The SVM loss function, which is an extension of the classical Hinge-loss to multiclass classification problems, implements the “one against all” principle.

For the error function, two formulas are possible depending on the chosen metric (L1 or L2):

$$L_{L1} = \sum_{y \neq i}max(0, p_y-p_i+1)$$ $$L_{L2} = \sum_{y \neq i}max(0, p_y-p_i+1)^2$$

where

$p_y$ - "raw" prediction of the classifier regarding the belonging of the object to the real class y;
$p_i$ - "raw" prediction of the classifier regarding the belonging of the object to the i-th class, which is not the target one.

## Initializing¶

def __init__(self, mode="l1"):

Parametrs

Parameter Allowed types Description Default
mode str Selection of the metric by which the error function will be calculated 'l1'

Explanations

mode - takes the values 'l1' or 'l2'.

## Examples¶

Necessary imports:

>>> import numpy as np
>>> from PuzzleLib.Backend import gpuarray
>>> from PuzzleLib.Cost import SVM

Info

gpuarray is required to properly place the tensor in the GPU.

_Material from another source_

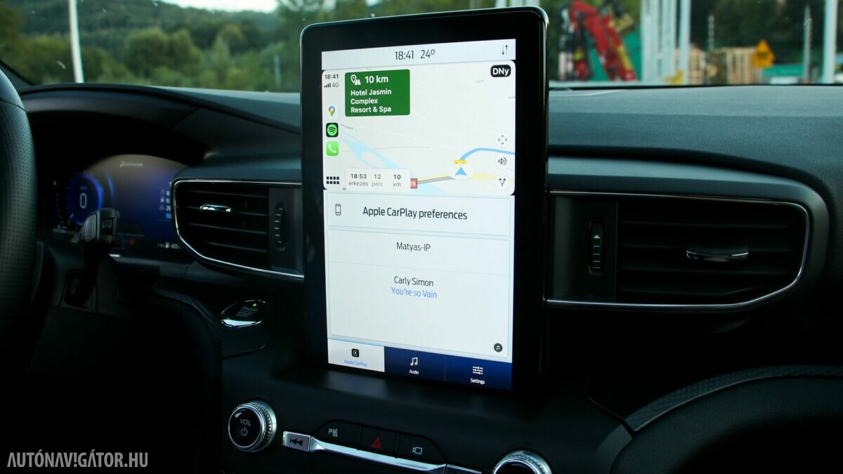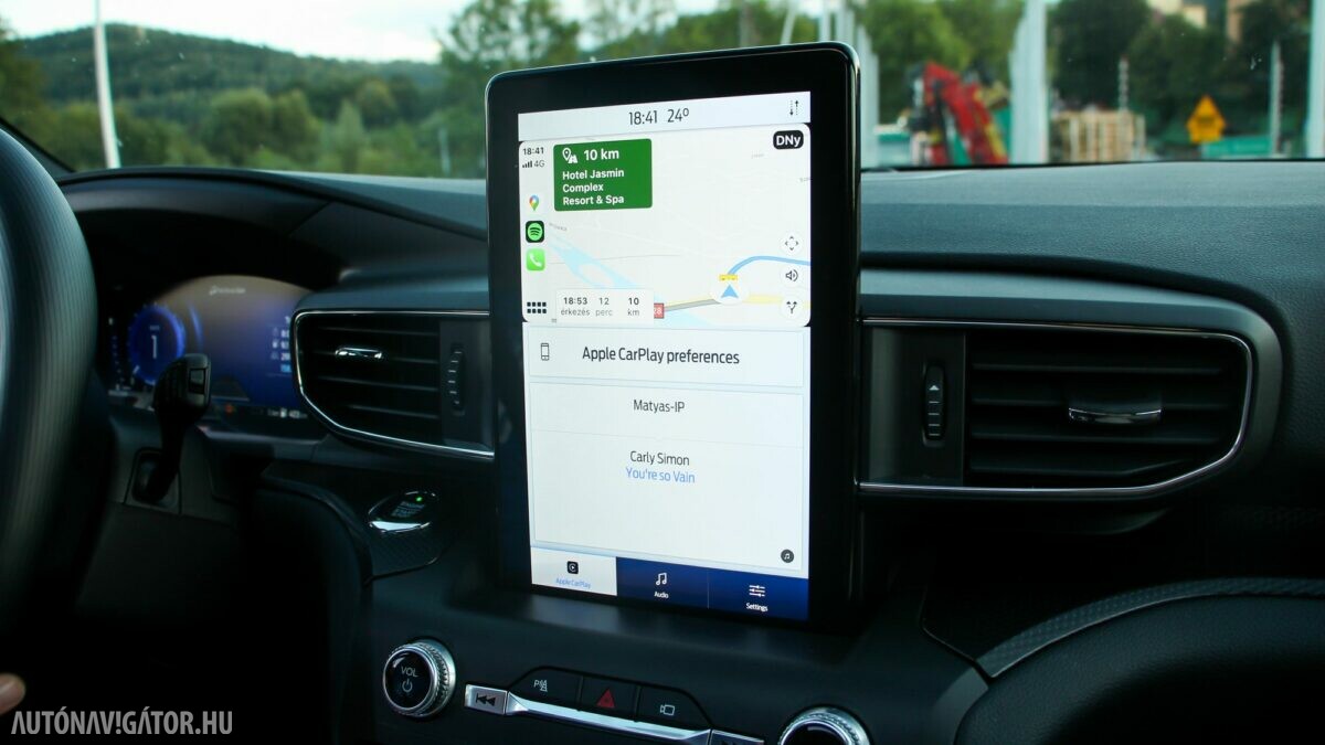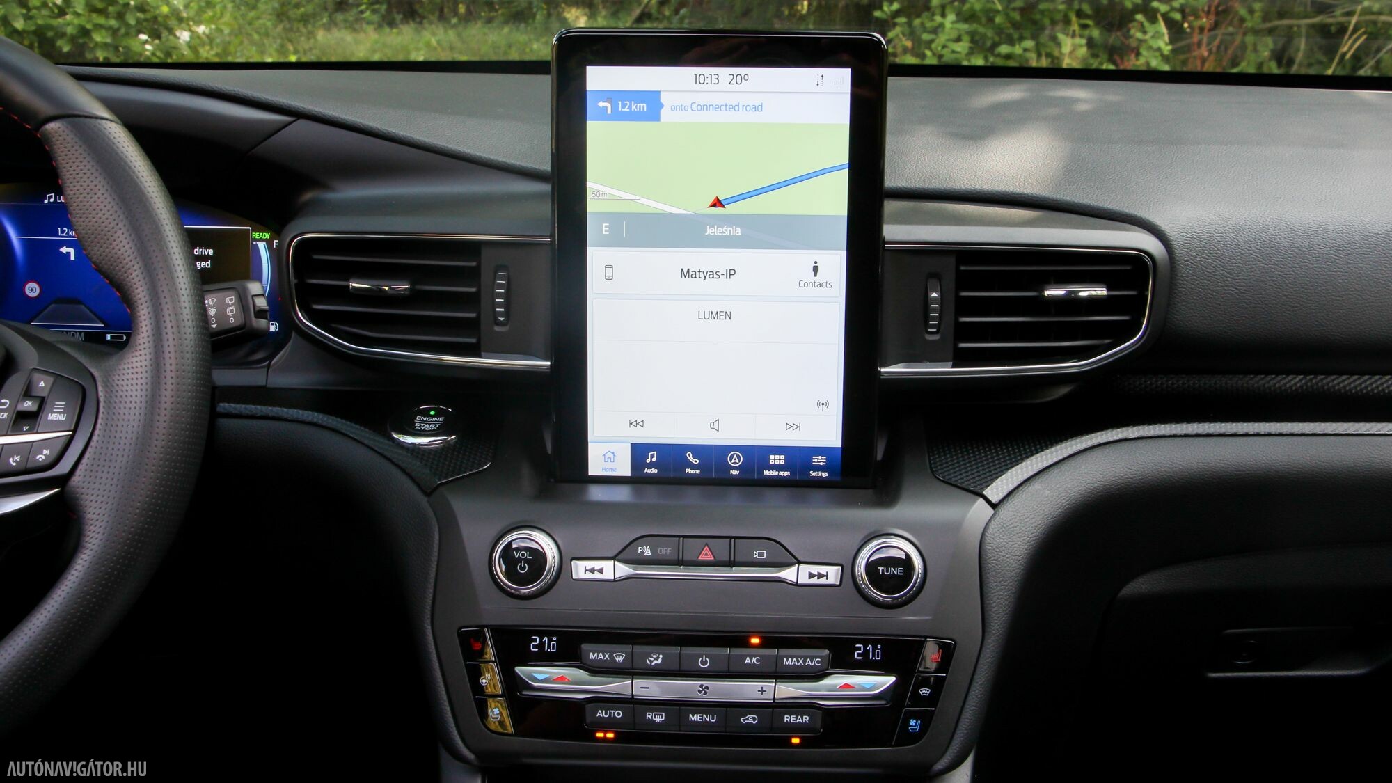 Nyilván nem olcsó a 25,98-26,18 milliós vételárával, ám ha azt vesszük, hogy csakis a metálfényezés az egyetlen extra, amit kérhetünk hozzá (nem mellesleg a Platinum verzió felára többszörösen megtérül az olcsóbb fényezés-feláraival), már rögtön nem rossz a fekvése. Millió egyéb mellett az Explorer is ad fedélzeti wifit, okostelefonos vezérelhetőséget, a már említett bőrkárpitot és napfénytetőt, araszolófunkciós távolságtartós tempomatot és sávtartót, parkolóautomatikát és első-hátsó (felülnézeti képet is adó) kamerákat, továbbá 12,3 colos digitális műszerfalat, Apple CarPlay funkciós, 10,1 colos érintőképernyőt és 14 hangszórós B&O hifit. Utóbbi mindenképp megérdemli a dicséretet: valóban prémium hangélményt kapunk, a tágas autóban mondjuk volt tér a hangszórók megfelelő elhelyezésére.

Synthetic target and prediction tensors:

>>> scores = gpuarray.to_gpu(np.random.randn(10, 4).astype(np.float32))
>>> labels = gpuarray.to_gpu((np.random.randint(low=0, high=2, size=(10, )) * 2 - 1).astype(np.int32))

Important

Please remember that the first dimension of target and prediction tensors is the size of the batch

Initializing the error function:

>>> svm = SVM()

Calculating the error and the gradient on the batch:

>>> error, grad = svm(scores, labels)